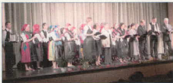
Die ehemaligen Dirigenten überraschten Chor und Publikum mit einem gemeinsam gesungenen Brahms-Lied
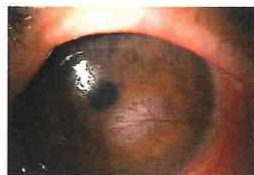
※角膜血管新生の例

害なども引き起こします。そして症状が急激に重症化した場合には、角膜混濁を生じて将来の視力に影響を与える重大なトラブルを引き起こしかねません。これらのトラブルを減らすためには①装着時間を守る②コンタクトレンズをかける③たま寝まない④使用期間の厳守⑤コンタクトレンズの洗浄・保存を正しく行なう⑥眼科専門医のいる病院で定期検診を行なう。この基本的なことを守ることが大切です。正しい知識をもつて正しく使いましょう。
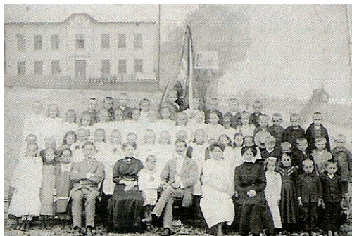
Nauczyciele i uczniowie szkoły w Rybarzowicach 1910/1911.

========

Set down the material again exactly. Don't carry over any pictures.

Die ehemaligen Dirigenten überraschten Chor und Publikum mit einem gemeinsam gesungenen Brahms-Lied
※角膜血管新生の例

害なども引き起こします。そして症状が急激に重症化した場合には、角膜混濁を生じて将来の視力に影響を与える重大なトラブルを引き起こしかねません。これらのトラブルを減らすためには①装着時間を守る②コンタクトレンズをかける③たま寝まない④使用期間の厳守⑤コンタクトレンズの洗浄・保存を正しく行なう⑥眼科専門医のいる病院で定期検診を行なう。この基本的なことを守ることが大切です。正しい知識をもつて正しく使いましょう。
Nauczyciele i uczniowie szkoły w Rybarzowicach 1910/1911.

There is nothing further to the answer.